Monday, January 27, 2020

Family visitors this week!!



I have been blessed to have my sister, Peggy, and her husband, Claude, come to visit me this week.  They arrived Sunday morning.  I’m sure that they were tired after the 13 hour flight to get here, but I didn’t give them a chance to rest.  We hit the ground running!!



After Sacrament Meeting we headed north to begin a 3 day excursion of Northland.  We arrived in Whangarei early enough that we were able to go to Whangarei Falls before dinner and settling in for the night.




Monday morning we went to Kiwi North Museum for a look at the kiwis and a tour around the museum and grounds.


Kiwis are nocturnal.   The habitat is kept dark so the kiwis will come out of their burrows and we can see them.
Difficult to get a picture.  No flash allowed.

The tuatara

We were able to join a group of students on a field trip to learn about the tuatara

There are beautiful flowers and trees on the grounds of the museum.  Because I have posted
before about this museum, I have not added a lot of pictures

This pine tree is unusual.  The needles seem to form in balls toward the ends of the branches giving it a “puff ball” look

I had invited Sisters Keily and Huston to lunch with us but they insisted that they wanted to treat us to lunch instead, so we met them at Town Basin Park where we enjoyed a delicious picnic lunch.  What thoughtful sisters!!!

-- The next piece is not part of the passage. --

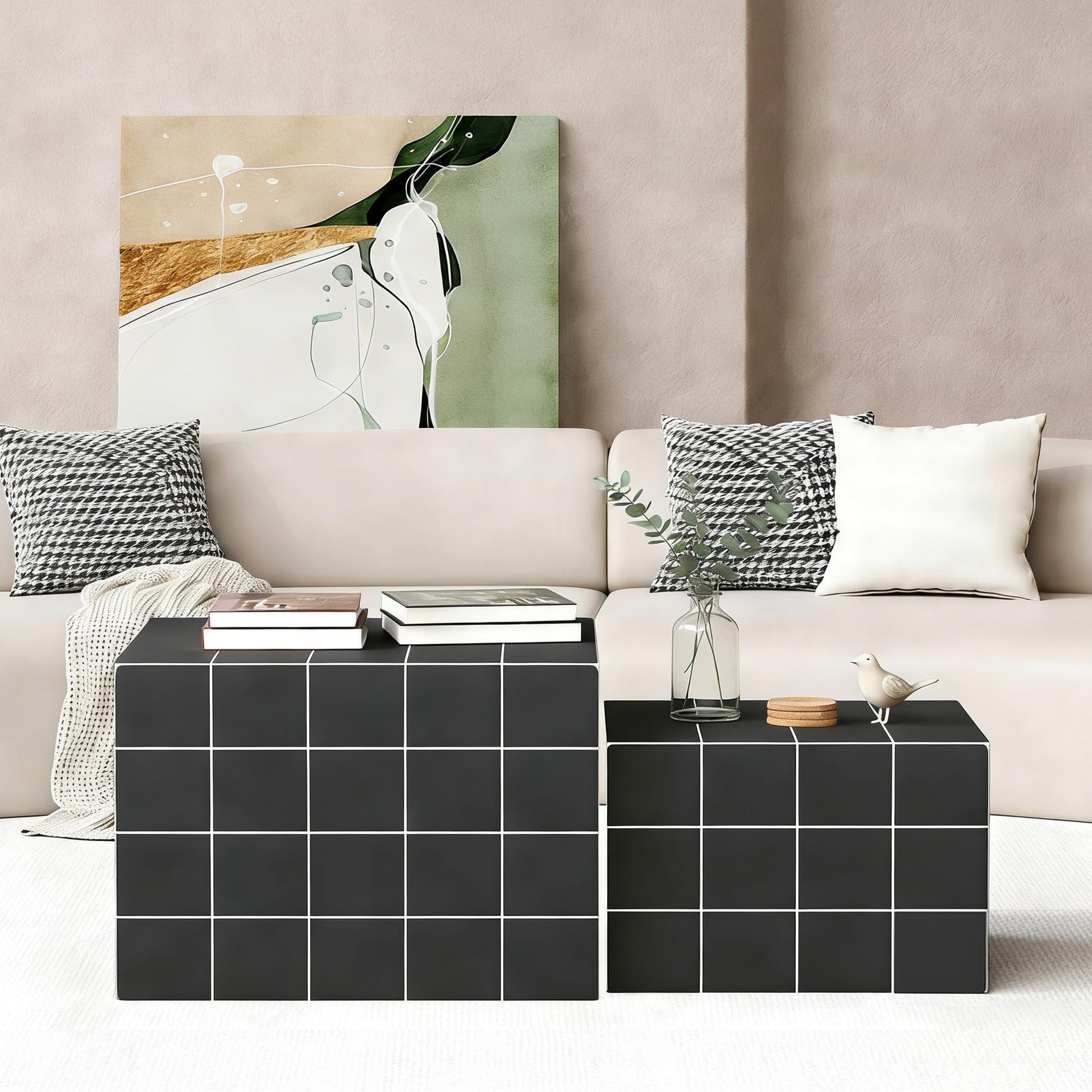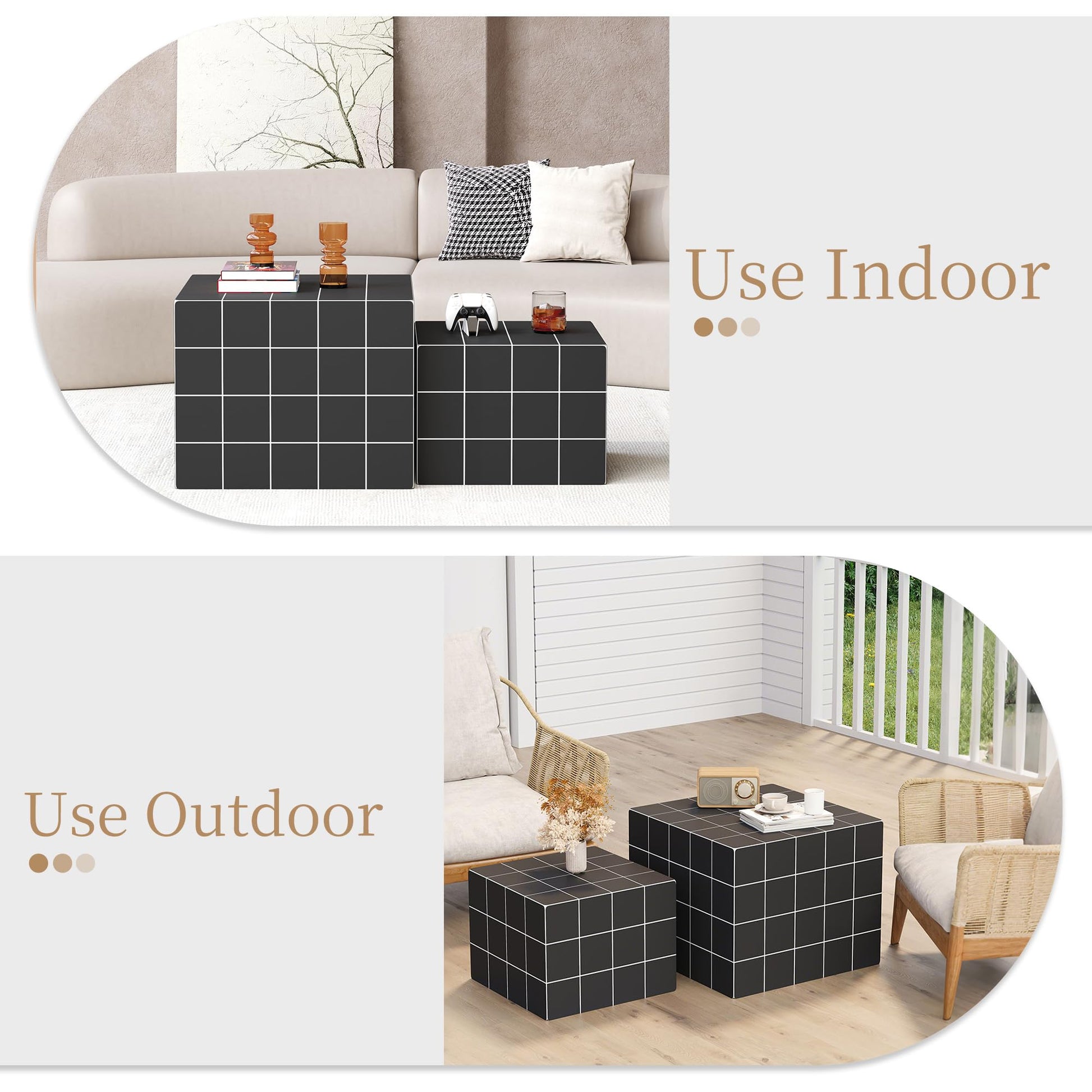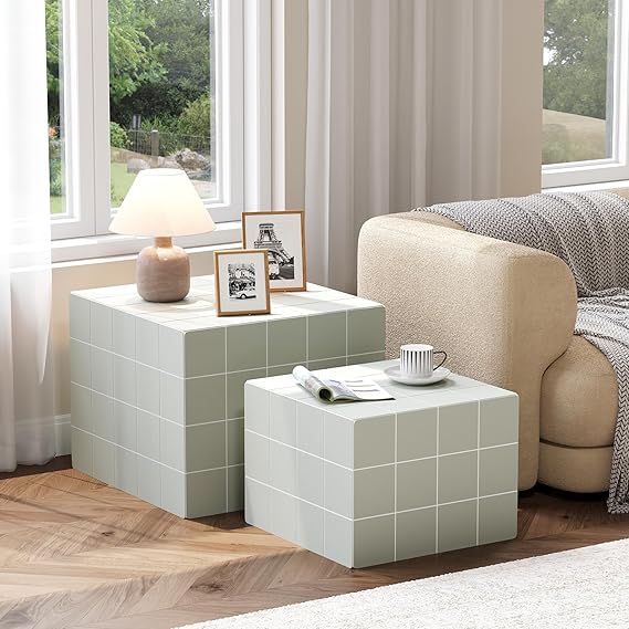 This modern nesting coffee table set features two square tables with clean lines, perfect for maximizing space in living rooms, bedrooms, apartments, dorms, and home offices. The versatile design allows use as a coffee table, end table, bedside table, leisure table, or footstool.

After lunch we drove to Waiomio Glowworm Caves.  Photos are not allowed in the caves but it is quite spectacular to see the light of the worms.  It looks like the Milky Way on the ceiling of the cave among the stalactites and stalagmites.  I wrote about the cave and the glowworms in a September blog when my son visited me so I won’t go into detail again. 

At the entrance to the cave

You enter the cave on one side of the mountain and exit on the other side.  To return to the car park, you cross over the top of the mountain which is a beautiful bush walk.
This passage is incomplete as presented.